Nothing outside the stretch is wanted. Repeat exactly the lines of the listing below from the one that contains "ZB6CA3 Schneider Electric" through the one that contains "Die Mitglieder der", both ends included.

Top of Input data

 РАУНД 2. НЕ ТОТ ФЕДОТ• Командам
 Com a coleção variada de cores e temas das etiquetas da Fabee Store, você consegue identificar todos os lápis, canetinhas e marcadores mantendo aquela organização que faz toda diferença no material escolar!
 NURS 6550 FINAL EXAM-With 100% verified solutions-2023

Bottom of Input data
Top of Input data

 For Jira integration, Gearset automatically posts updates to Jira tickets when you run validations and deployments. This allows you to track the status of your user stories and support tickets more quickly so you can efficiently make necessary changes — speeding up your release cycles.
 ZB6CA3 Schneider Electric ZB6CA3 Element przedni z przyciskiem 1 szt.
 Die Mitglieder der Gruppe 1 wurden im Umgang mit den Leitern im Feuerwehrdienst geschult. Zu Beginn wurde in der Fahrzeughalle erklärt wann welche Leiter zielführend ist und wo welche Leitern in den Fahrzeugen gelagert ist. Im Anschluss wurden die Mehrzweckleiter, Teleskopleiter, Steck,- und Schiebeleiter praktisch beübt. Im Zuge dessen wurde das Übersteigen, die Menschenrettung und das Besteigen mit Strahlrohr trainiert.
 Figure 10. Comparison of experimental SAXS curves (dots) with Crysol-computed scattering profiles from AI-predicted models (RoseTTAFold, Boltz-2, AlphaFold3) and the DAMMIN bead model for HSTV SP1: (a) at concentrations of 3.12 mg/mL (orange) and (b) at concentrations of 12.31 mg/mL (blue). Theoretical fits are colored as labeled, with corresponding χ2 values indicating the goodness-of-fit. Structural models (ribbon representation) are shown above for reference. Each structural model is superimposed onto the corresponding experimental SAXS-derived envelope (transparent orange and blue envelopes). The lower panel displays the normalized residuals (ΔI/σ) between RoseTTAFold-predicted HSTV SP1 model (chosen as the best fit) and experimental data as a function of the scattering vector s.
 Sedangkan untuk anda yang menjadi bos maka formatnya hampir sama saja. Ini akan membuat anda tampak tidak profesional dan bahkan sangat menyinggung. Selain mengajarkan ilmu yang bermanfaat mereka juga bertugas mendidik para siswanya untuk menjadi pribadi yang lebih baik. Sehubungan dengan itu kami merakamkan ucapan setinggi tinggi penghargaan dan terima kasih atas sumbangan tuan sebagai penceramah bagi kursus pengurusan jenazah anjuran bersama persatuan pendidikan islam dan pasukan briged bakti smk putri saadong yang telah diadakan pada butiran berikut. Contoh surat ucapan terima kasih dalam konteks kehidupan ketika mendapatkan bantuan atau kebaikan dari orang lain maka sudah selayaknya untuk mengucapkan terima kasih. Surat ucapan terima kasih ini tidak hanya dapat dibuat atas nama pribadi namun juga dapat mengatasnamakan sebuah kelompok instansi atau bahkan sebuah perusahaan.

Bottom of Input data

▶ Exercise result:
 ZB6CA3 Schneider Electric ZB6CA3 Element przedni z przyciskiem 1 szt.
 Die Mitglieder der Gruppe 1 wurden im Umgang mit den Leitern im Feuerwehrdienst geschult. Zu Beginn wurde in der Fahrzeughalle erklärt wann welche Leiter zielführend ist und wo welche Leitern in den Fahrzeugen gelagert ist. Im Anschluss wurden die Mehrzweckleiter, Teleskopleiter, Steck,- und Schiebeleiter praktisch beübt. Im Zuge dessen wurde das Übersteigen, die Menschenrettung und das Besteigen mit Strahlrohr trainiert.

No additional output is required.